[Start of section]

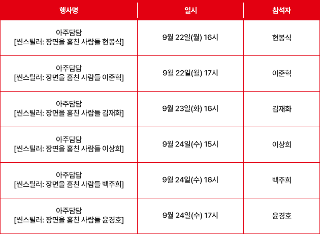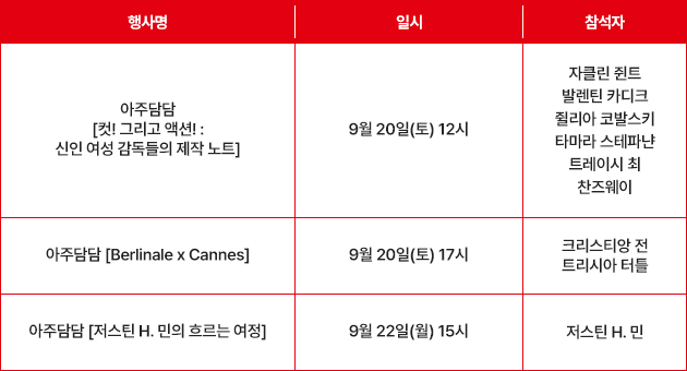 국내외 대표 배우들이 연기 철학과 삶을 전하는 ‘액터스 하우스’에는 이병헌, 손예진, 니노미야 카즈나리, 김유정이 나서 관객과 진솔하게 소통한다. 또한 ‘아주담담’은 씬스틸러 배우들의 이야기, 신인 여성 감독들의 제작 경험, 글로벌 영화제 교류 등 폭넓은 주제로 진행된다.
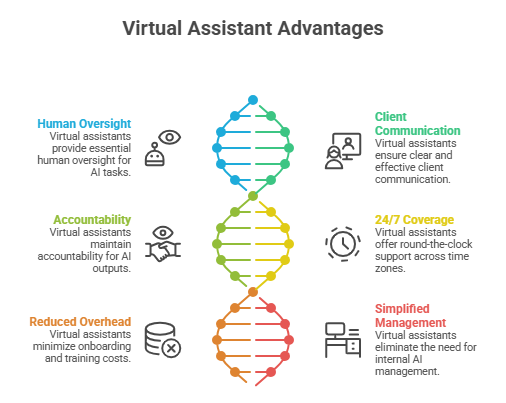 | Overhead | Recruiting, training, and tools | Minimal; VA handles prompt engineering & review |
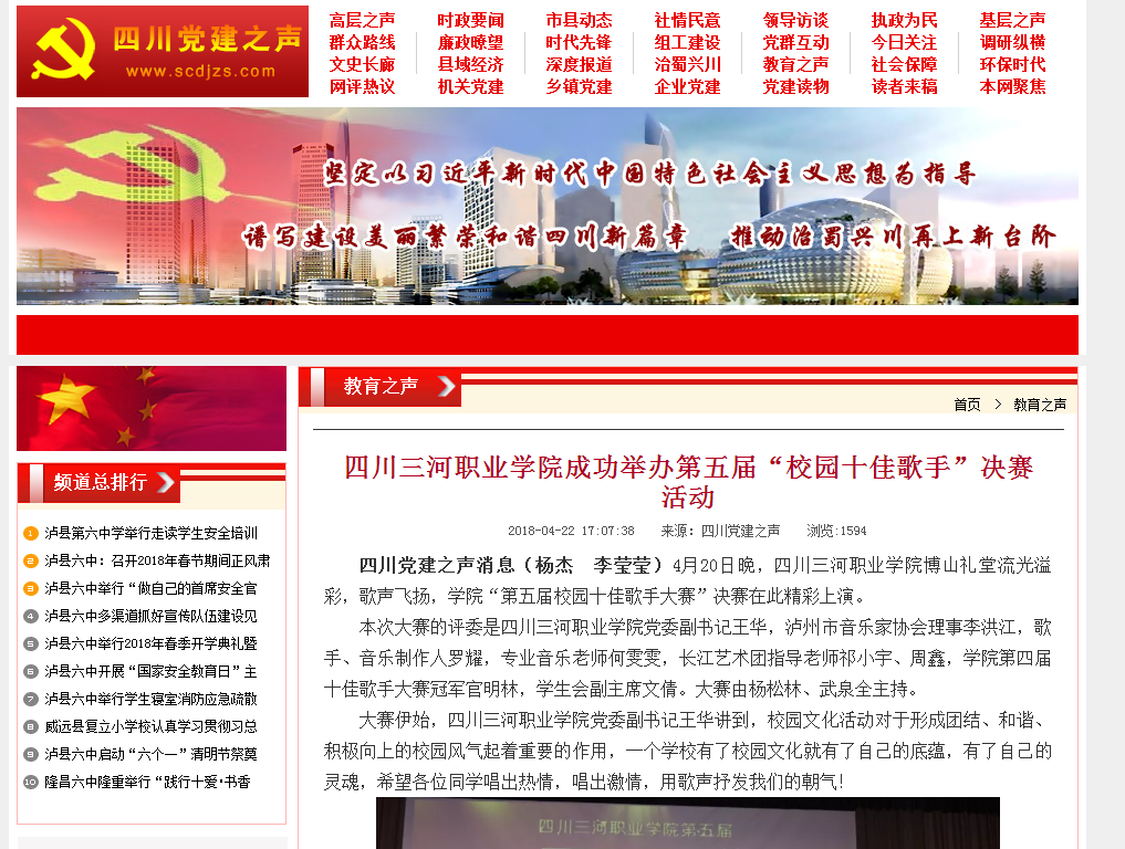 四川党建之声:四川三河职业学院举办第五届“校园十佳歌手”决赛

[End of section]

## [Exercise]
Please transcribe the lines from the one containing "engineering & review |" to the last line of the listing, both included, exactly and with nothing added, leaving every picture out.

## [Exercise output]
 | Overhead | Recruiting, training, and tools | Minimal; VA handles prompt engineering & review |
 四川党建之声:四川三河职业学院举办第五届“校园十佳歌手”决赛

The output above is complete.